[Start of Attachment]
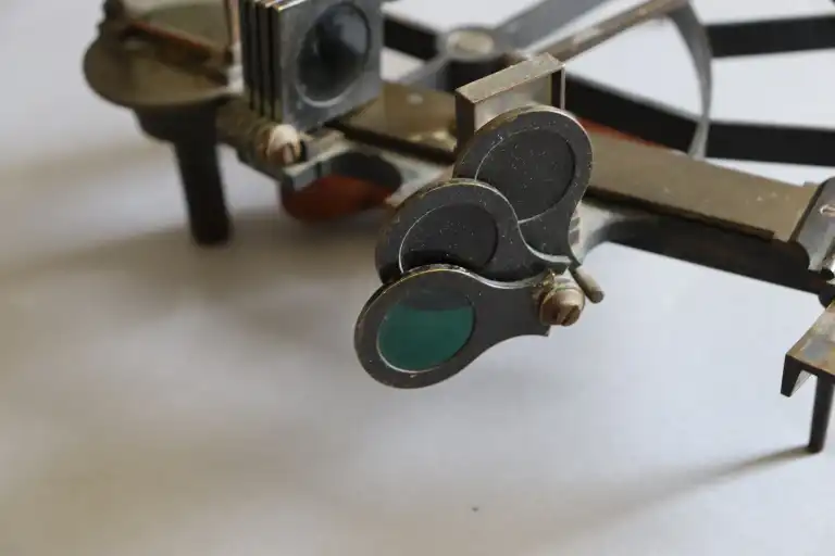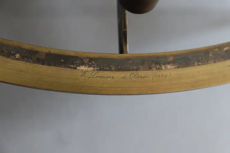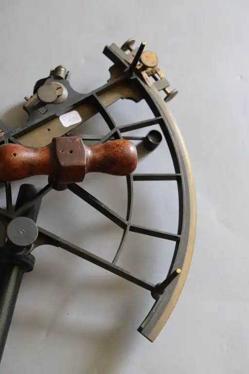 INTRUMENT DE MARINE. Sextant en laiton et métal à patine noire, la prise en bois. Signé E. LORIEUX à Paris. Diam.: 25 cm
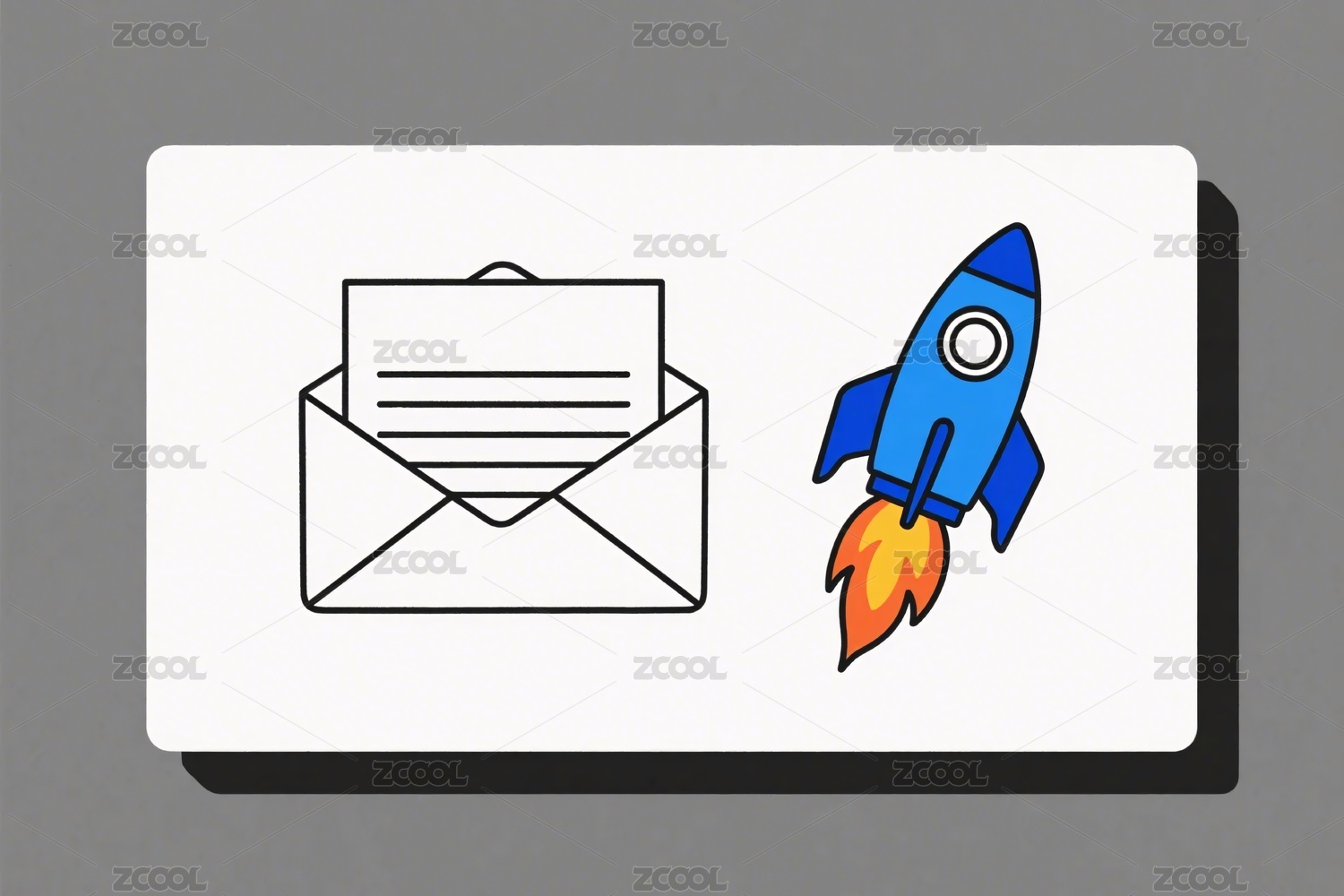 信封与火箭插画
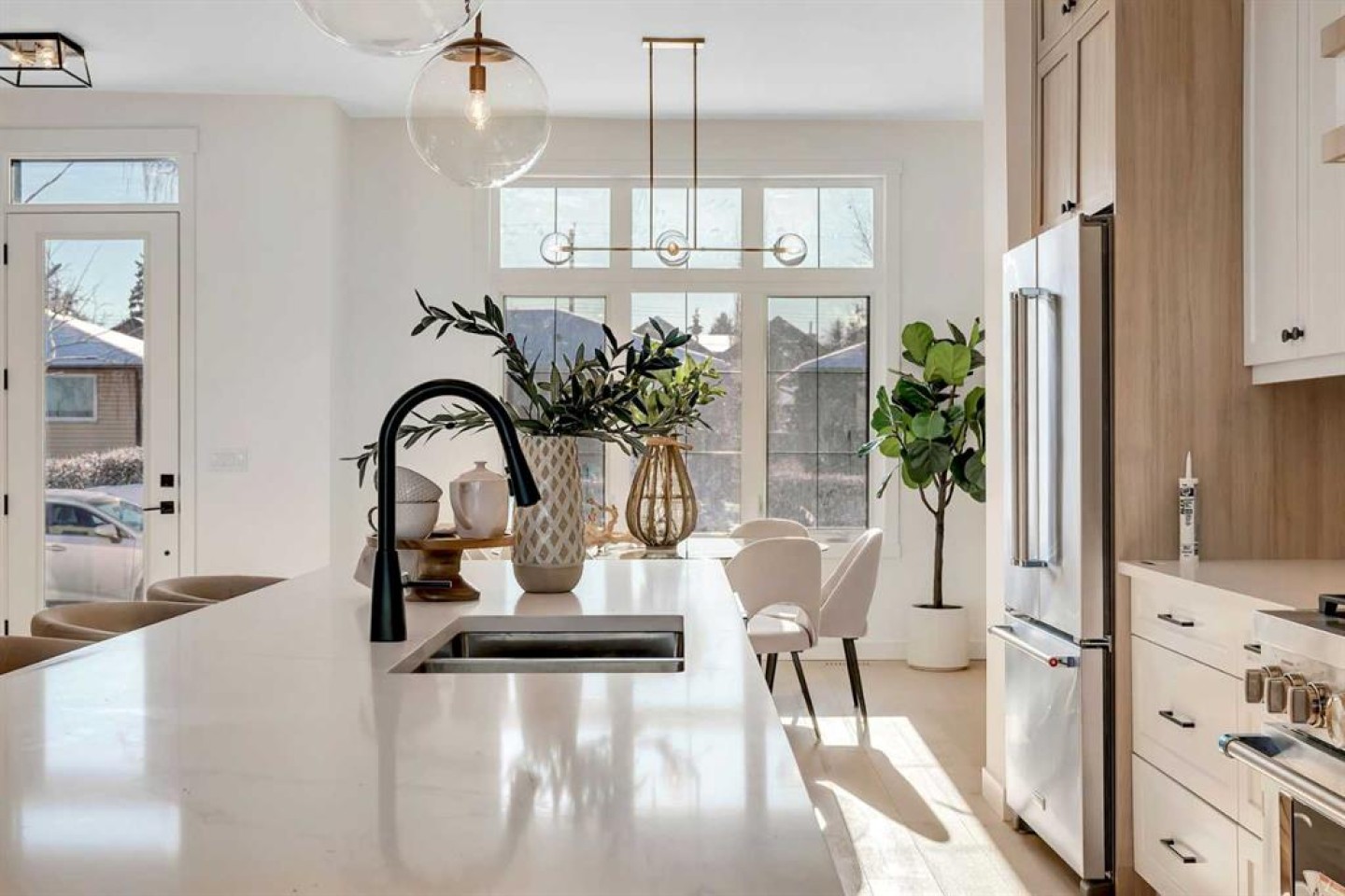 --OPEN HOUSE SATURDAY/SUNDAY 1-3PM---QUIET LOCATION- WALKOUT BASEMENT-Welcome to this beautiful, brand-new semi-detached home in the sought-after community of Richmond. Featuring a fully finished walk-up basement and a double detached garage, this home blends a functional layout with stylish, high-quality finishes that are both modern and comfortable. Step inside to a bright, open-concept main floor highlighted by wide-plank hardwood flooring throughout. The front foyer includes a practical built-in with vertical shiplap detailing, offering both charm and everyday organization. The kitchen is the true centerpiece of the home, anchored by a large waterfall quartz island with seating. Stainless steel appliances — including a gas range — pair perfectly with the two-tone cabinetry in warm wood and crisp white for a timeless, contemporary feel. The kitchen flows seamlessly into the dining area and living room, where wall-to-wall sliding glass doors flood the space with natural light and provide easy access to the backyard. A standout feature here is the gas fireplace, finished with beautiful dark floral tile that adds personality without overpowering the space. A convenient two-piece powder room completes the main level. Upstairs, you’ll find three generously sized bedrooms along with a dedicated upper-floor laundry room. The primary suite is a relaxing retreat, complete with a tray ceiling and a walk-in closet. The spa-inspired five-piece ensuite offers a dual vanity, glass-enclosed shower, and a freestanding soaker tub — perfect for unwinding at the end of the day. The fully finished lower level features a walk-up entrance that brings in additional light and provides direct backyard access. This level includes a spacious rec room with a built-in wet bar, wine storage, sink, and floating shelves — ideal for entertaining. A fourth bedroom and a full four-piece bathroom make this space perfect for guests, a roommate, or older children wanting more privacy. Situated on a quiet street, this home offers an unbeatable location close to everything Killarney has to offer. You’re within walking distance to Marda Loop, and the shops and restaurants. This is an excellent opportunity to own a move-in-ready home in one of Calgary’s most desirable inner-city neighbourhoods.- ASK ABOUT OUR UPGRADE OPTIONS- ATTACHED UNIT ALSO AVAILABLE.
[End of Attachment]
What is needed is a verbatim copy of the material, minus its pictures.

§ Solution to this problem
 INTRUMENT DE MARINE. Sextant en laiton et métal à patine noire, la prise en bois. Signé E. LORIEUX à Paris. Diam.: 25 cm
 信封与火箭插画
 --OPEN HOUSE SATURDAY/SUNDAY 1-3PM---QUIET LOCATION- WALKOUT BASEMENT-Welcome to this beautiful, brand-new semi-detached home in the sought-after community of Richmond. Featuring a fully finished walk-up basement and a double detached garage, this home blends a functional layout with stylish, high-quality finishes that are both modern and comfortable. Step inside to a bright, open-concept main floor highlighted by wide-plank hardwood flooring throughout. The front foyer includes a practical built-in with vertical shiplap detailing, offering both charm and everyday organization. The kitchen is the true centerpiece of the home, anchored by a large waterfall quartz island with seating. Stainless steel appliances — including a gas range — pair perfectly with the two-tone cabinetry in warm wood and crisp white for a timeless, contemporary feel. The kitchen flows seamlessly into the dining area and living room, where wall-to-wall sliding glass doors flood the space with natural light and provide easy access to the backyard. A standout feature here is the gas fireplace, finished with beautiful dark floral tile that adds personality without overpowering the space. A convenient two-piece powder room completes the main level. Upstairs, you’ll find three generously sized bedrooms along with a dedicated upper-floor laundry room. The primary suite is a relaxing retreat, complete with a tray ceiling and a walk-in closet. The spa-inspired five-piece ensuite offers a dual vanity, glass-enclosed shower, and a freestanding soaker tub — perfect for unwinding at the end of the day. The fully finished lower level features a walk-up entrance that brings in additional light and provides direct backyard access. This level includes a spacious rec room with a built-in wet bar, wine storage, sink, and floating shelves — ideal for entertaining. A fourth bedroom and a full four-piece bathroom make this space perfect for guests, a roommate, or older children wanting more privacy. Situated on a quiet street, this home offers an unbeatable location close to everything Killarney has to offer. You’re within walking distance to Marda Loop, and the shops and restaurants. This is an excellent opportunity to own a move-in-ready home in one of Calgary’s most desirable inner-city neighbourhoods.- ASK ABOUT OUR UPGRADE OPTIONS- ATTACHED UNIT ALSO AVAILABLE.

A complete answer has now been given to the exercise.